Currently, the thread safety of
stan-math comes with a hefty performance penalty which varies from model to model, but is between 5% - 65% slowdown. I hope we can get away with less of a performance hit and created an issue for this.
I have discovered that writing things slightly different in the code can lead to major improvements, see my prototype PR here. The PR uses a slightly different approach and with this approach I can show that
- The new AD tape is just as fast as the old AD tape for the case of no threading
- When threading is enabled we only loose ~5% at most in all of the examples
Obviously I think that we should seriously consider this.

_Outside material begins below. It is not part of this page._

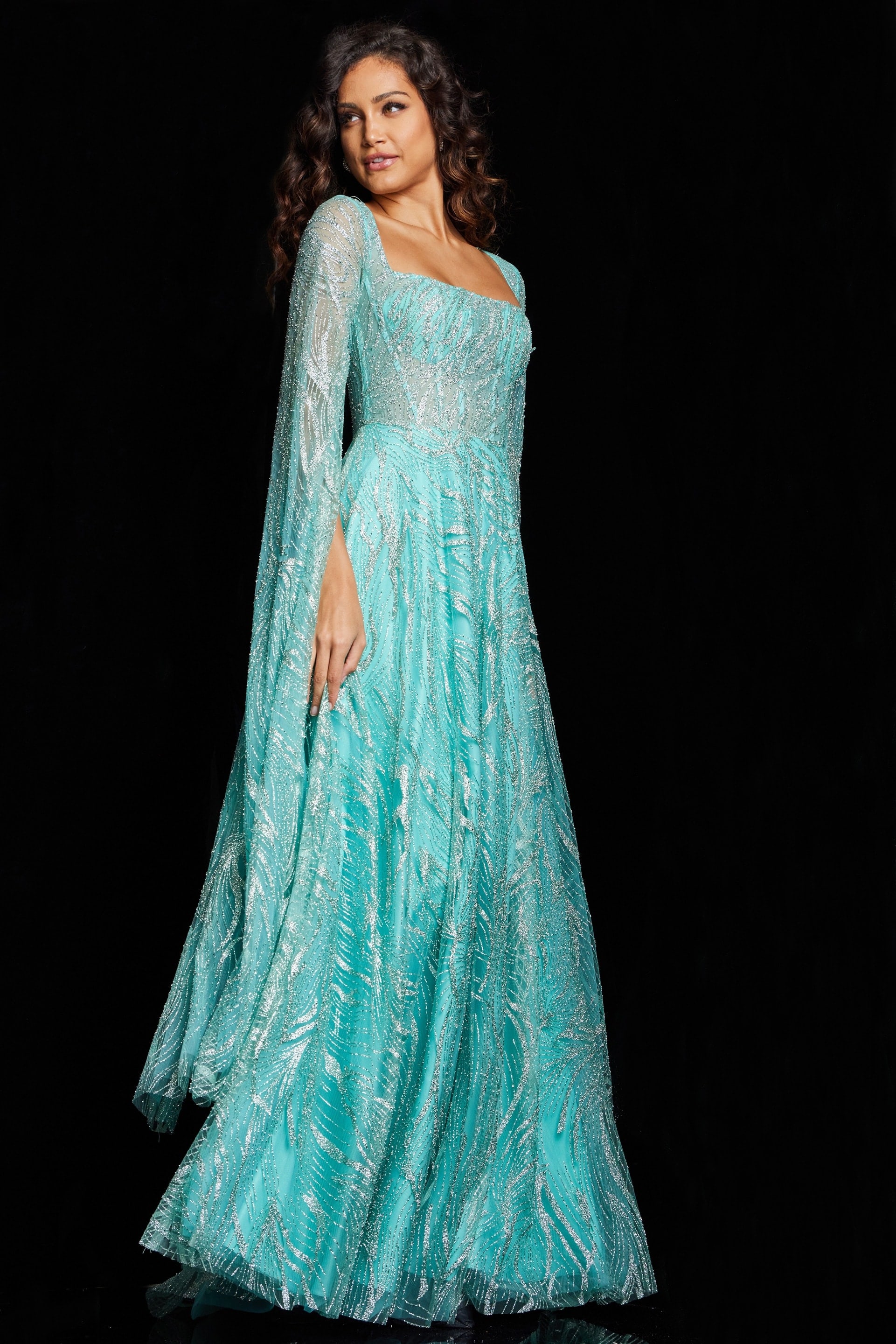 The square neckline adds a modern and elegant touch, enhancing the gown’s overall sophistication. The long sleeves, featuring splits, contribute to the gown’s chic and contemporary appeal.

The design of the new AD tape is based on the finding that if we declare a
thread_local variable to be equal to a constant expression then the access to that variable is apparently much faster. When playing around with different versions I found that:
// this is like our old design and is rather slow as we initialize with an expression which requires dynamic allocations static thread_local AutodiffStackStorage* ad_tape = new AutodiffStackStorage(); // this is the new proposal and it gives us almost no performance penalty as we are initializing with a constant here static thread_local AutodiffStackStorage* ad_tape = 0;
The disadvantage of the new approach is that within each thread the AD stack has to be initialized first before it can be used. However, if we just link with each Stan program a file which contains
AutodiffStackStorage* ad_tape = ChainableStack::instantiate();
then the main process of that Stan program will have an initialized AD stack once execution reaches the
main method. So there is no change for any single-threaded stan program due to this change. What does change is how threaded applications use Stan. These threaded application are now forced to call
stan::math::ChainableStack::instantiate() for every new thread for which they want to use
stan-math. So while the old design always initiaized an AD tape for any new thread this is now not anymore the case and the AD tape is only initialized if the application does that.
To me that does make sense as I find it a strong call to force any application which links against
stan-math to have an AD tape ready for very thread they create. Not every thread can be expected to do AD work with
I am planning to run one more benchmark which uses the parallel
map_rect to hopefully see there that the new approach is just as beneficial. Comments are very welcome to this proposal. As we have burned ourselves in the past with different AD tape variations it would be great to ensure that all compilers we want to catch have been tested. On the current test pipeline everything passes which should imply all is good.